Yakcult, down at Paronella park they feed them barra pellets in the local river and I'd say some of them would be pushing 60cm and 4 or 5kg. There's also similar sized sooties there and hundreds of eels around 1.5m long :shock: . If you got a 50cm+ in the true wild though, it would be a fish of a lifetime.


----------



## Junglefisher (Jun 2, 2008)

Hit the creek again yesterday for a break from the saltwater.
Landed around 15 JP, most a decent size.
Water level is getting low enough to make some sections a hassle now.
Clearing up more every day too.


----------



## wongus (Feb 12, 2006)

Very nice. Thanks for sharing your pics.
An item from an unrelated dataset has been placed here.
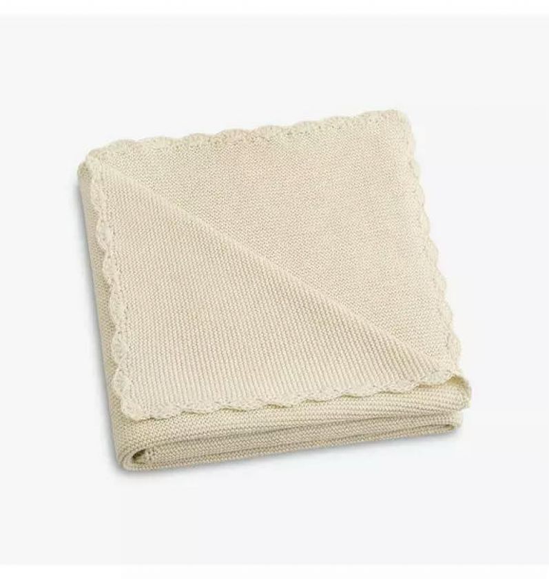 Knit Blanket: 100% cotton with a hand-stitched scalloped pattern. Size: 30” x 40”.

Would love to catch a nice JP one day.


----------



## onemorecast (Apr 17, 2006)

Great report and photos JP. I recognise Crystal Cascades as a place I've going swimming 20 years ago, and remember seeing a few fish swimming aroudn those holes.

Good looking fish too, very differnt looking than other types of perch.


----------



## dunebuggy (Dec 21, 2008)

Hey Junglefisher, great pics, didn't read the whole report though cos I am lazy. Being that far north, isn't there the possibility of crocs? It might seem a dumb question but, I don't know, so I ask.


----------